Past Reviews

Regional Reviews: Seattle

Ham for the Holidays: Desperate Spuddwives Offers Hearty Guffaws at Theatre Off-Jackson


Lisa Koch and Peggy Platt
Most every holiday season in recent memory, veteran comic actress/singers Lisa Koch and Peggy Platt have made the avalanche of holiday hokum on Seattle stages easier to take by offering a hilarious, hearty concoction known as Ham for the Holidays. This year's edition of the gay, lesbian, bisexual and transgender slanted (but hetero friendly) revue, subtitled Desperate Spuddwives, may well be their freshest and funniest yet, and also contains very few actual references to the season to be jolly. Praise the lord!

Sketches by Koch and Platt, with additional material by the show's adroit director Michael Oaks, recall vintage "Carol Burnett Show" and prime "Saturday Night Live", and director Oaks makes sure the pacing never lags. Though Koch and Platt dominate, they have wisely brought back rubber faced actor/pianist/musical director D. J. Gommels, and found the droll, lanky Vincent Kovar, and both play off them with ease and great abandon.

In act one, the foursome lead off with "The Sequim Men's Chorus", which ribs gay men's choruses in general (and the Seattle Men's Chorus in particular), and a gay-centric medley of familiar holiday tunes set to Koch's clever parody lyrics and interspersed with catty banter between the three chorus members and the choirmaster. The gentlest comedy of the evening is a chuckler entitled "Singles Sandbar" in which a pair of vacationing senior citizen straight women mistakenly assume that two age appropriate straight men are gay (and vice-versa). Platt then takes a solo turn with a zesty and zany "Slam Poet" bit, and Koch wows with her comic songwriting skills on "Middle Aged Woman," which she puts over with deadpan flair.  The act one curtain comes down on "Cheney Cheney Bang Bang" in which the four take pointed musical and comedic pot-shots at "Big Bad Dick" Cheney, and several other ripe-for-the-spoofing Republicans.

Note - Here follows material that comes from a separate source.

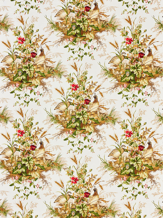 SCALAMANDRE EDWIN'S COVEY LINEN PRINT FABRIC MULTI ON WHITE - SC 000116310 NEW SKU # SC163100001
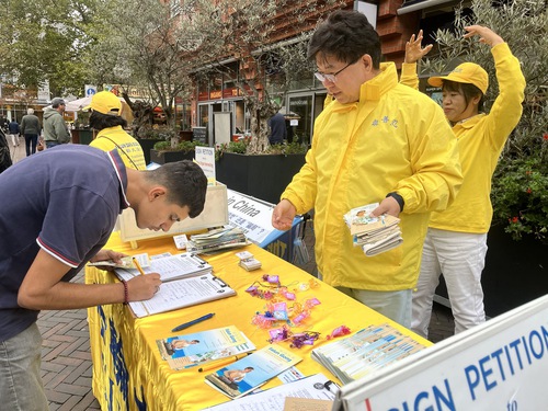 The practitioner showed him a photo of a Chinese girl in exile in Germany who had her left lung removed after being tricked by a hospital. The practitioner told the man that live organ harvesting is still happening in China and that everyone is in danger if people remain silent and turn a blind eye. The older man squeezed his eyes shut several times, seemingly trying to hold back tears. “This is shocking!” he said. He signed the petition to help stop the forced organ harvesting.

Act two is, if possible, even better as it gets to the evening's piece de resistance, the Spudds: Koch and Platt as Puget Sound's own mother and daughter trailer trash country music duo, Wynotta and Euomi Spudd.  After some initial banter (including a comic nod to Platt's own recent remarkable weight loss) which serves to reintroduce the pair, all four actors do a yeoman job of quick character, costume and wig changes, as the unseen voice of Mary Ellen narrates the sinister goings on in the Spudds' new neighborhood of Hysteria Lane. Kovar is an utter riot (and a sight to behold in drag) as he takes on the Marcia Cross, Eva Longoria and Felicity Huffman characters, but Gommels takes the cake (along with costumer Ken D. Powers) with his devastatingly hilarious Nicollette Sheridan, as well as fine cameos as Carlos and the snoopy Mrs. Huber. Platt doubles briefly but to great effect as Longoria's doomed mother-in-law, while Koch downright channels Teri Hatcher. No plot points will be given away here, but it should be duly noted that the current writing staff of "Saturday Night Live" didn't do half as well with their own recent spoof of "Desperate Housewives."

Scenic designer Dawn Lanphier Simon does a fine job of giving Theatre Off-Jackson's cozy stage just the right look for act one potpourri of sketches before transforming it into the Spudds' house in act two, and lighting designer Patti West uses her vast familiarity with Theatre Off-Jackson to make sure everyone looks good. Choreographer Sandra Singler provides simple but satisfying moves for the musical numbers.

In a month full of theatre, holiday slanted or not, Ham for the Holidays: Desperate Spuddwives has gotten a jump on donning its gay apparel, and putting a big ol' grin on audience members' faces. It runs through December 24 at Theatre Off-Jackson, 409 7th Avenue South in the International district of South Downtown Seattle.